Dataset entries
BEGIN
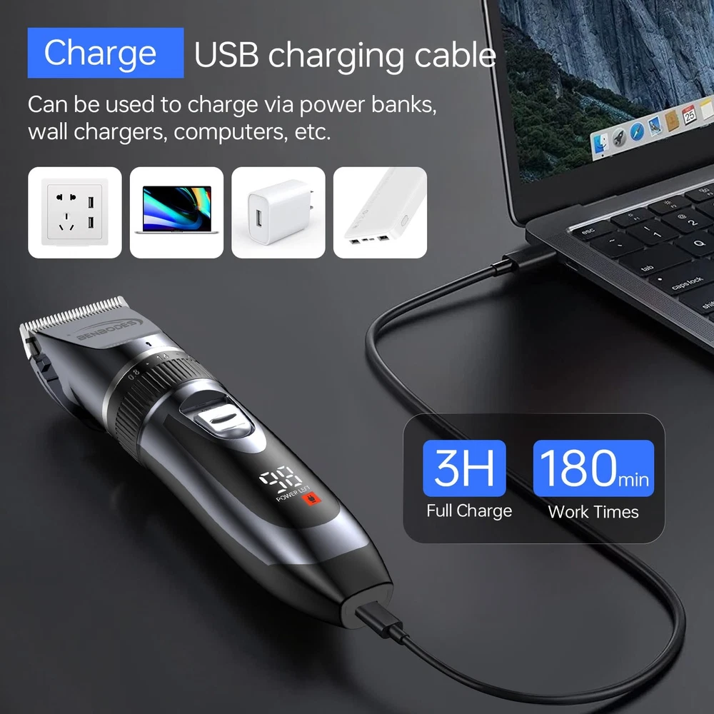 Hair Clippers for Men, Cordless&Corded Hair Clipper, Professional Barber Kit for Hair Cutting & Grooming Set, Mens Hair Clippers with LED Display.The hair clipper is a complete set that includes an electric hair clipper, a shawl, a cleaning brush, a cleaning sponge, 2 scissors, a comb, 4 trimming combs (3MM, 6MM, 9MM, 12MM), 6 trim patterns,a data cable, and an instruction manual.Titanium fixed blade and ceramic movable blade of this hair clipper (moving and standing blades run together), designed for pro precision and premium cutting performance. R-sharped blade, safe and make no harm to the skin. [Professional hair clipper]The hair clipper is a complete set that includes an electric hair clipper, a shawl, a cleaning brush, a cleaning sponge, 2 scissors, a comb, 4 trimming combs (3MM, 6MM, 9MM, 12MM), 6 trim patterns,a data cable, and an instruction manual. [Powerful Rotary Motor] - The powerful rotary motor can keep the stable rapid cutting speed even to meet the thickest hair. Enable you to remove dry /wet hair in one stoke, no more snagging or pulling. Ergonomic handle is fitted to ensure a comfortable and secure grip. [Efficient Safe Hair Cutting] - Titanium fixed blade and ceramic movable blade of this hair clipper (moving and standing blades run together), designed for pro precision and premium cutting performance. R-sharped blade, safe and make no harm to the skin. [Smart LED Display]-The cordless hair clippers for men effortlessly monitor your cordless clipper's performance with the built-in digital display, offering real-time information on the remaining charge, charging status, and lubrication levels. The ultra-high-definition LED display equips you with all the details you need for optimal performance and achieving the perfect haircut [Perfect Gift Choice] The hair clippers with a textured metal shell for a sleek and professional look. It's a perfect gift choice as birthday gift, Christmas gift, or Valentine's Day gift for your loved one
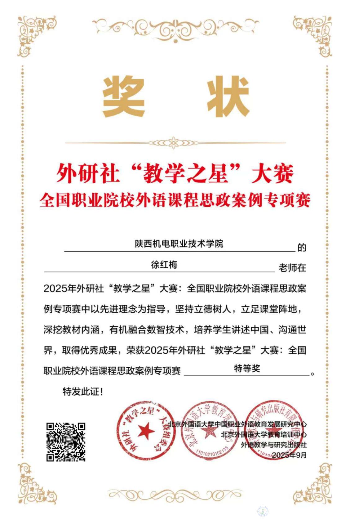 近日,2025年外研社“教学之星”大赛全国职业院校外语课程思政案例专项赛圆满落幕。买球赛的app官网基础部英语教研室徐红梅老师凭借扎实的教学功底和独具创新的思政案例设计,在高职英语组赛道脱颖而出,荣获全国特等奖,为学校赢得殊荣。
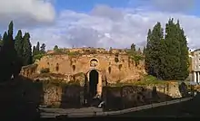 The Mausoleum of Augustus (Italian: Mausoleo di Augusto) is a large tomb built by the Roman Emperor Augustus in 28 BC on the Campus Martius in Rome, Italy. The mausoleum is located on the Piazza Augusto Imperatore, near the corner with Via di Ripetta as it runs along the Tiber. The grounds cover an area equivalent to a few city blocks nestled between the church of San Carlo al Corso and the Museum of the Ara Pacis. The mausoleum is currently in the process of a restoration, upon the completion of which it will open to the public.[1][2] The mausoleum will reopen starting from March 1, 2021, after fourteen years of closure to the public.[3]
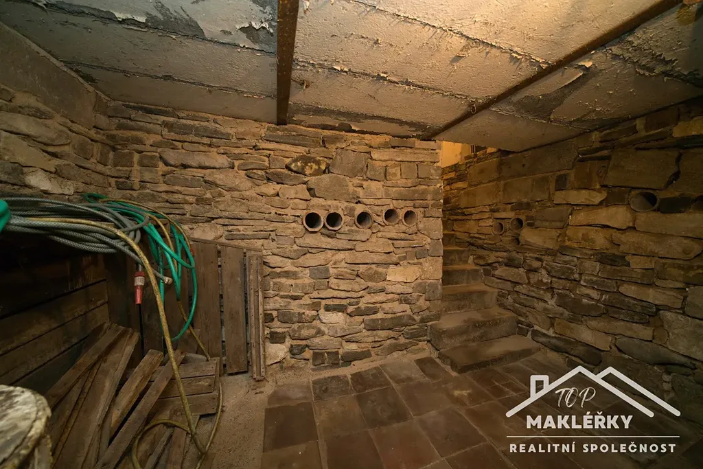 Vážení a milí, nabízím ve výhradním zastoupení k prodeji nemovitost, rodinný dům, ležící v okrajové části obce Veltruby u Kolína. Jedná se o patrovou, částečně podsklepenou stavbu s přístavkem, postavený v druhé polovině 50.let 20. století. Dům je v původním stavu, užívaný, k rekonstrukci. Fasáda břizolit, či podobný materiál. Interier je zachovalý, k okamžitému bydlení, v současné době fungující, majitelé bydlící, je ale potřeba přihlédnout ke stavu např. dřevěných podlah v některé místnosti, pod kterými není beton, ale stále písčitý zásyp. Okna jsou původní, špaletová, zakytovaná. Zařízení, které bude předmětem prodeje je částečné, majitelé si část odvezou. Sklep je prostor pod částí budovy a další sklep je pod přístavbou. Tam je i garáž, pokoj a skladový prostor pod sedlovou střechou.
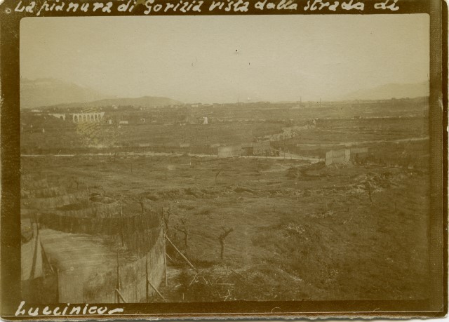 La piana di Gorizia ripresa da Lucinico. Sullo sfondo il ponte ferroviario sull'Isonzo con una campata distrutta.
END
EXERCISE BRIEF:
Only an exact copy of the entries, with no pictures, is expected as the answer.

ANSWER FOR THE TASK:
 Hair Clippers for Men, Cordless&Corded Hair Clipper, Professional Barber Kit for Hair Cutting & Grooming Set, Mens Hair Clippers with LED Display.The hair clipper is a complete set that includes an electric hair clipper, a shawl, a cleaning brush, a cleaning sponge, 2 scissors, a comb, 4 trimming combs (3MM, 6MM, 9MM, 12MM), 6 trim patterns,a data cable, and an instruction manual.Titanium fixed blade and ceramic movable blade of this hair clipper (moving and standing blades run together), designed for pro precision and premium cutting performance. R-sharped blade, safe and make no harm to the skin. [Professional hair clipper]The hair clipper is a complete set that includes an electric hair clipper, a shawl, a cleaning brush, a cleaning sponge, 2 scissors, a comb, 4 trimming combs (3MM, 6MM, 9MM, 12MM), 6 trim patterns,a data cable, and an instruction manual. [Powerful Rotary Motor] - The powerful rotary motor can keep the stable rapid cutting speed even to meet the thickest hair. Enable you to remove dry /wet hair in one stoke, no more snagging or pulling. Ergonomic handle is fitted to ensure a comfortable and secure grip. [Efficient Safe Hair Cutting] - Titanium fixed blade and ceramic movable blade of this hair clipper (moving and standing blades run together), designed for pro precision and premium cutting performance. R-sharped blade, safe and make no harm to the skin. [Smart LED Display]-The cordless hair clippers for men effortlessly monitor your cordless clipper's performance with the built-in digital display, offering real-time information on the remaining charge, charging status, and lubrication levels. The ultra-high-definition LED display equips you with all the details you need for optimal performance and achieving the perfect haircut [Perfect Gift Choice] The hair clippers with a textured metal shell for a sleek and professional look. It's a perfect gift choice as birthday gift, Christmas gift, or Valentine's Day gift for your loved one
 近日,2025年外研社“教学之星”大赛全国职业院校外语课程思政案例专项赛圆满落幕。买球赛的app官网基础部英语教研室徐红梅老师凭借扎实的教学功底和独具创新的思政案例设计,在高职英语组赛道脱颖而出,荣获全国特等奖,为学校赢得殊荣。
 The Mausoleum of Augustus (Italian: Mausoleo di Augusto) is a large tomb built by the Roman Emperor Augustus in 28 BC on the Campus Martius in Rome, Italy. The mausoleum is located on the Piazza Augusto Imperatore, near the corner with Via di Ripetta as it runs along the Tiber. The grounds cover an area equivalent to a few city blocks nestled between the church of San Carlo al Corso and the Museum of the Ara Pacis. The mausoleum is currently in the process of a restoration, upon the completion of which it will open to the public.[1][2] The mausoleum will reopen starting from March 1, 2021, after fourteen years of closure to the public.[3]
 Vážení a milí, nabízím ve výhradním zastoupení k prodeji nemovitost, rodinný dům, ležící v okrajové části obce Veltruby u Kolína. Jedná se o patrovou, částečně podsklepenou stavbu s přístavkem, postavený v druhé polovině 50.let 20. století. Dům je v původním stavu, užívaný, k rekonstrukci. Fasáda břizolit, či podobný materiál. Interier je zachovalý, k okamžitému bydlení, v současné době fungující, majitelé bydlící, je ale potřeba přihlédnout ke stavu např. dřevěných podlah v některé místnosti, pod kterými není beton, ale stále písčitý zásyp. Okna jsou původní, špaletová, zakytovaná. Zařízení, které bude předmětem prodeje je částečné, majitelé si část odvezou. Sklep je prostor pod částí budovy a další sklep je pod přístavbou. Tam je i garáž, pokoj a skladový prostor pod sedlovou střechou.
 La piana di Gorizia ripresa da Lucinico. Sullo sfondo il ponte ferroviario sull'Isonzo con una campata distrutta.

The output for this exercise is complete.